Quantum state engineering by steering in the presence of errors
- URL: http://arxiv.org/abs/2303.16329v4
- Date: Wed, 3 Jan 2024 14:14:53 GMT
- Title: Quantum state engineering by steering in the presence of errors
- Authors: E. Medina-Guerra, Parveen Kumar, I. V. Gornyi, and Yuval Gefen
- Abstract summary: We study a class of measurement-based state engineering protocols.
We show that the protocol remains fully robust against the erroneous choice of system-detector coupling parameters.
We also demonstrate the commutation between the classical expectation value and the time-ordering operator of the exponential of a Hamiltonian with multiplicative white noise.

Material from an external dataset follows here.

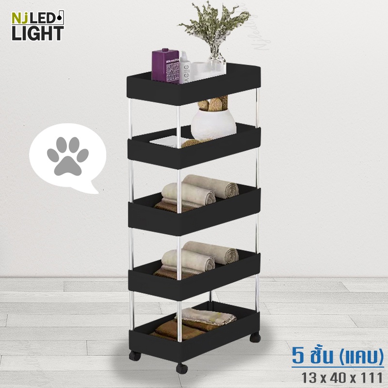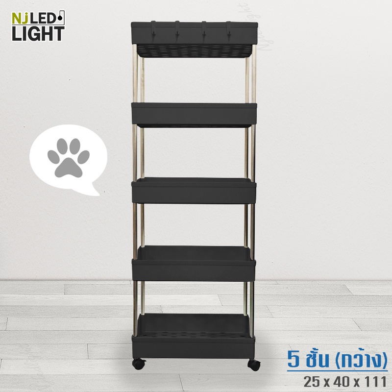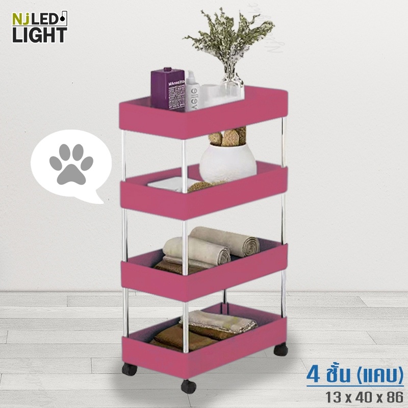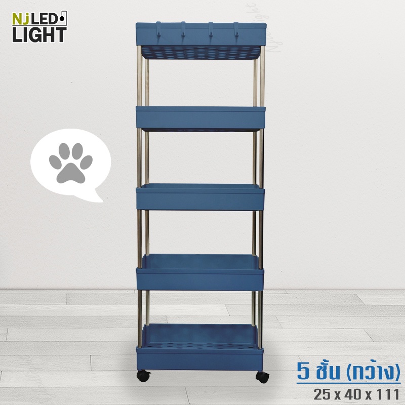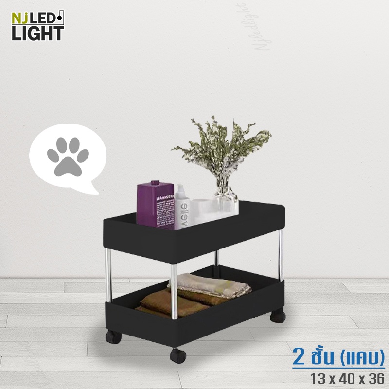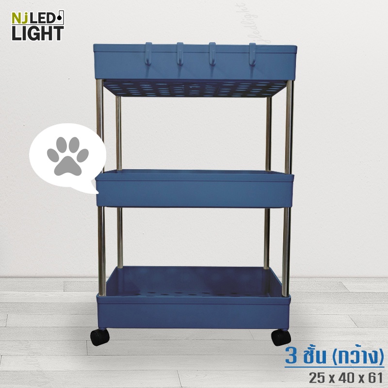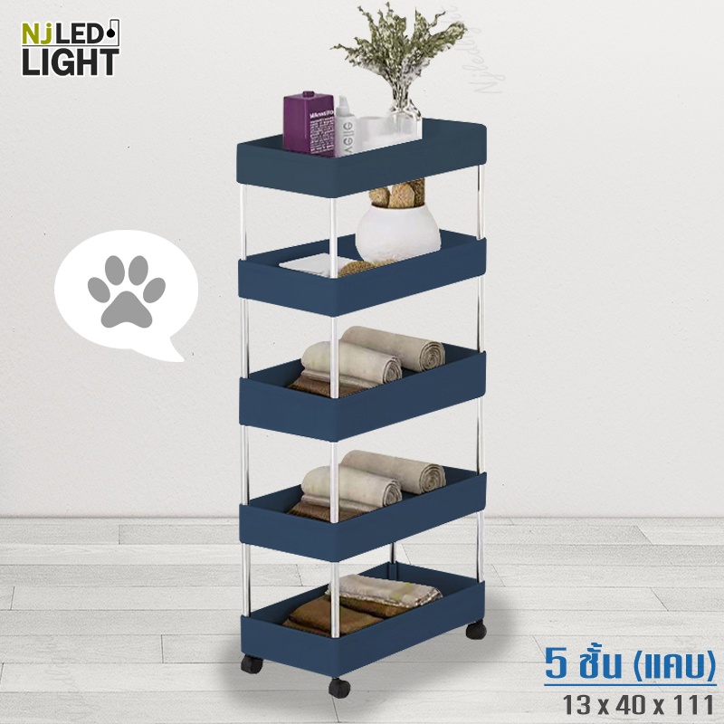 NJLED LIGHT I029 ชั้นวางของมีล้อ วางในที่แคบ พลาสติก วางของในห้องครัว ห้องน้ำ พร้อมตะขอ

- Score: 1.2642388972233845
- License: http://arxiv.org/licenses/nonexclusive-distrib/1.0/
- Abstract: Quantum state engineering plays a vital role in various applications in the
field of quantum information. Different strategies, including
drive-and-dissipation, adiabatic cooling, and measurement-based steering, have
been proposed in the past for state generation and manipulation, each with its
upsides and downsides. Here, we address a class of measurement-based state
engineering protocols where a sequence of generalized measurements is employed
to steer a quantum system toward a desired target state. Previously studied
measurement-based protocols relied on idealized procedures and avoided
exploration of the effects of various errors stemming from imperfections of
experimental realizations and external noise. We employ the quantum trajectory
formalism to provide a detailed analysis of the robustness of these steering
protocols against various errors. We study a set of errors that can be
classified as dynamic or static, depending on whether they remain unchanged
while running the protocol. More specifically, we investigate the impact of
erroneous choice of system-detector coupling, re-initialization of the detector
state following a measurement step, fluctuating steering directions, and
environmentally induced errors in the system-detector interaction. We show that
the protocol remains fully robust against the erroneous choice of
system-detector coupling parameters and presents reasonable robustness against
other errors. We employ various quantifiers such as fidelity, trace distance,
and linear entropy to characterize the protocol's robustness and provide
analytical results. Subsequently, we demonstrate the commutation between the
classical expectation value and the time-ordering operator of the exponential
of a Hamiltonian with multiplicative white noise, as well as the commutation of
the expectation value and the partial trace with respect to detector outcomes.